For intraoperative planning of the implant placement, a minimum of two calibrated X-ray images from different projection directions (the AP and lateral planes) are necessary. Here, the surgeon was supported by the “zero-dose C-arm navigation.” Zero-dose C-arm navigation enables a virtual radiation-free preview of the X-ray images as well as the actual orientation of the C-arm relative to the predefined (step 1) frontal and lateral planes (Figure 3a and b). Thus, the acquisition of X-ray images projecting undesired directions and incomplete or non-relevant structures could be avoided.

Figure 3. Image acquisition with zero-dose C-arm navigation. (a) Preview of frontal view (with acquired image in background). (b) Preview of lateral view (with acquired image in background).
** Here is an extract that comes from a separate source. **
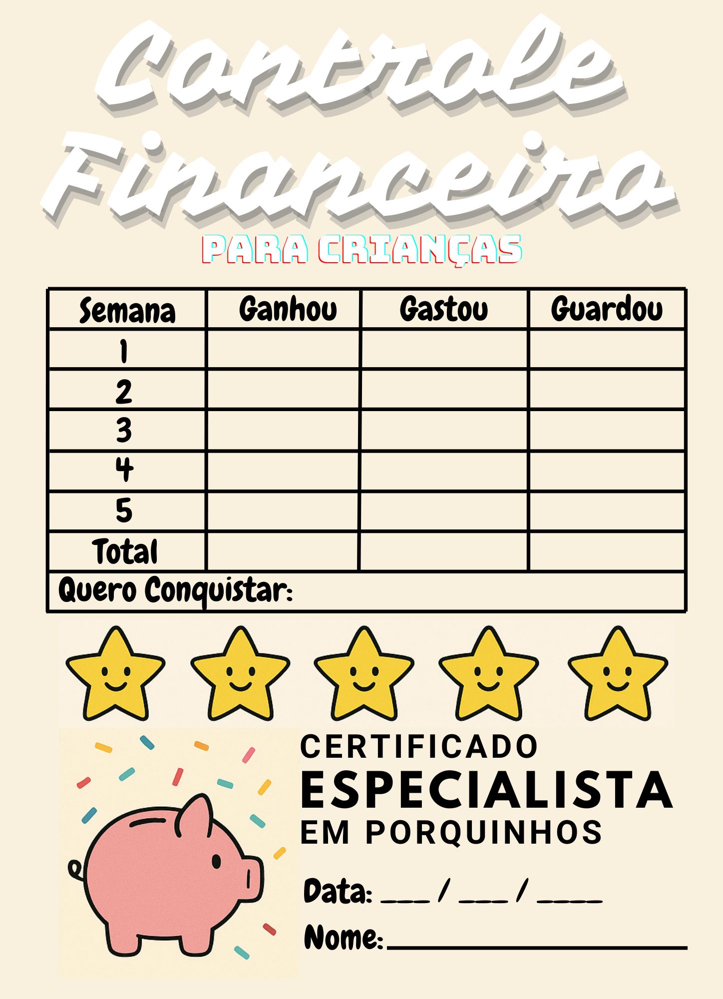Com a ajuda de um adulto, a cada semana, a criança deve anotar quanto ganhou, gastou e guardou e também escrever o que quer conquistar: um brinquedo, um livro, aquele jogo online, ajudar alguém… Cada vez que conseguir seguir direitinho o plano, ganha uma ⭐. Ao completar 4/5 estrelas, depende do mês, recebe o seu Certificado de Especialista em Porquinhos! 🎉

Step 3: Definition of the safe zone

The definition of the 3D “safe zone” in the femoral neck and femoral head supported the surgeon in safely planning the final position of the cannulated screws during the implant alignment step (step 4). The surgeon's task was to alter the size, position and orientation of a cylinder in the femoral neck and of a sphere in the femoral head via a touch screen in such a way that the cylinder and sphere were positioned within the X-ray projection of the femoral neck and head in the frontal and lateral views (Figure 4). Zimolong et al. indicated that femoral neck perforations could be avoided by approximating the femoral neck using a cylinder during 3D planning procedures [17].

Figure 4. Definition of the safe zone: planning the implant position with the displayed safety cylinder (blue cylinder) and safety sphere (red sphere) in the frontal view (a) and lateral image (b).

Step 4: Implant alignment

The positions of the three cannulated screws were defined on the AP and lateral X-ray projections in order to place the guide wires in optimal positions in relation to the anatomical structures as well as to each other (Figure 5). Therefore, the surgeon used an image with the same size as the original blade. The goal of this planning step was to find valid implant positions forming an equilateral triangle with a maximum screw spread while avoiding femoral neck perforation or exceeding the femoral head, and a preferably steep implant alignment in relation to the proximal femoral shaft. If the surgeon left the “safe zone” during the planning procedure, he was warned by the “Perforation” caption (Figure 6).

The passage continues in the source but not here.